I will do that. And I can go to Type, until it's a Dollar value. And I will click this one down to the bottom, just two decimal places, and that should do. The LastSale, the highest value is in the thousands, but I do need to have two decimal places because they do use the cents. On the other hand, MarketCap is huge numbers. It goes up to hundreds of billions, and I don't need decimal places. I am going to tell that one that it's a Dollar value as well.
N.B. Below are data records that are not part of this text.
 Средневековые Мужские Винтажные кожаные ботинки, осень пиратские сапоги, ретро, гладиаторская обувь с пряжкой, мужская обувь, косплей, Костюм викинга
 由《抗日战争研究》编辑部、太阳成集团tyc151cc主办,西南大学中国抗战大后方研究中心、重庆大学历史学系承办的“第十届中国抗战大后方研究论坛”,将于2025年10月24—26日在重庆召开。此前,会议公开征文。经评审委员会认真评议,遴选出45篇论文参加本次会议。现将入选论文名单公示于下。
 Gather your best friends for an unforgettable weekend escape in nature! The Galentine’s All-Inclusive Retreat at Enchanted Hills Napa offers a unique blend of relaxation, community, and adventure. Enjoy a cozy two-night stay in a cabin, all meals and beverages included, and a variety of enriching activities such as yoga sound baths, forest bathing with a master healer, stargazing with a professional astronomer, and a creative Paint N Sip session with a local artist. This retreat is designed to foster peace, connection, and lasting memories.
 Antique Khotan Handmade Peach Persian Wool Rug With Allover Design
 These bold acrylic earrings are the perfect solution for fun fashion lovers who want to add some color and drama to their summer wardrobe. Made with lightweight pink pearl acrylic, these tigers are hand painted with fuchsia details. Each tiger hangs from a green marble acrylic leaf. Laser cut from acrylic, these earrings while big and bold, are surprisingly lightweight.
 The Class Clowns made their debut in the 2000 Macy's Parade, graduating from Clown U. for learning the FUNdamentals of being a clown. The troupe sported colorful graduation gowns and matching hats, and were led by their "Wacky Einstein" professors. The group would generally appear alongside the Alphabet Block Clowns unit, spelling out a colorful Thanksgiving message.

I will give it room for a lot of numbers, but no decimal places. I'm going to click OK, and now I can go back to the Data view and see what we got--and that looks like the correct format. And now I can simply save this data file as NASDAQ, and we are good to go. Now I want to show you that SPSS is able to import straight from databases or text files. In fact, if you go over to File, you will see here we have a command for opening from a database or reading text data.

Now I am not going to go through those. Instead, right now, I am just going to point you over to the Help menu, to Tutorial. When you click on that, this will open up web browser, even though it's a local file, and the Tutorial, I want you to see this one: Reading Data. And in fact, if we open that up, you can see Reading from a Database. And SPSS has a tutorial that will walk you through every step that you need, using a similar procedure to get the data from a database and into SPSS.

And so you see, with the proper preparation, it's a straightforward procedure to get data from one source--a spreadsheet, a text file, a database--into SPSS, so can begin exploring your data and seeing what your numbers can tell you.